How a file runs on your PC?
Suppose you wrote the below simple code.
#include <stdio.h>
#define RET 0
int main()
{
printf("Hello Linux\n");
return RET;
}
Then you compiled the file by using the command:
gcc hello.c -o myhello
In Embedded Systems we are building our projects with an IDE, GCC, or whatever, and we get the hex or binary file to load it on the microcontroller memory.
On Linux what will happen or how this will happen?

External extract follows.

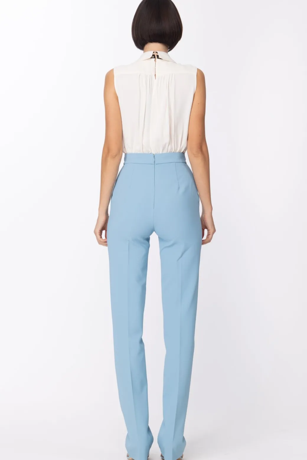 La soluzione perfetta per un’occasione formal chic: è la tuta Elisabetta Franchi. Un modello lungo in crepe stretch, con pantalone a gamba dritta, camicia smanicata in georgette, con profondo scollo a V, impreziosito da un foulard a stampa lettering e una catena gioiello in metallo dorato. Abbinala ad un bel paio di tacchi e ad una pochette e sarai pronta per la serata!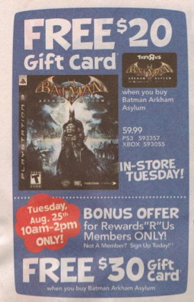 According to a Toys R Us snippet sent in to Shack, for a limited time tomorrow morning, the giant toy retailer will be offering Rewards R Us members with a $30 gift card when purchasing Batman: Arkham Asylum. If you can’t make it down to your local TRU store tomorrow between 10AM and 2PM then you’ll just have to deal with the $20 gift card. That’s one hell of a deal for a wicked awesome game.

myhello is just a static file on the hard desk, how will it become a program in RAM and execute to print on screen.
Standard Formats
File is saved on hard desk in a standard format to avoid compiler dependency issues. There are some standard formats like below:
a. out: old Unix format (initial version). Currently a. out is only the file name (historical name), however, its format isn't a. out, it is ELF
ELF: Executable and Linkable Format
Our compiled file myhello is generated in '. elf' format. You can use the command file myhello
to get the file format.
Is elf for the final executable file only?
if you write gcc -c hello.c
, you will get the object file hello.o
if you write file hello.o
, you will find its format is elf also, but it is relocatable. So, both object and final executable files are in elf format. However, object file is relocatable, while final file is executable.
Why Object file is in elf format?
linker reads multiple object files, so they must be in the same standard format to be able to read them all, link them, and generate the final executable.
ELF Format File Contents
ELF header: Some consecutive bytes defines a specific meaning for the elf file and some information about it like number of existing sections, machine type, .. etc.
. text Section: Contains the machine code.
. rodata Section: Contains constant variables and printed strings (like
printf("Hello\n");
"Hello" is saved in this section).. data Section: Contains initialized global and static variables.
. bss Section: Contains uninitialized global and static variables. This section name is Better Save Space because it doesn't actually take space, it just tells you a specific section's start and end address.
. symtab: Contains all symbol.
. debug and . line: Contains debugging information in standard format . dwarf. And it is used to facilitate the linking process between te executable code on process with the source code, so the debugger can accomplish its steps.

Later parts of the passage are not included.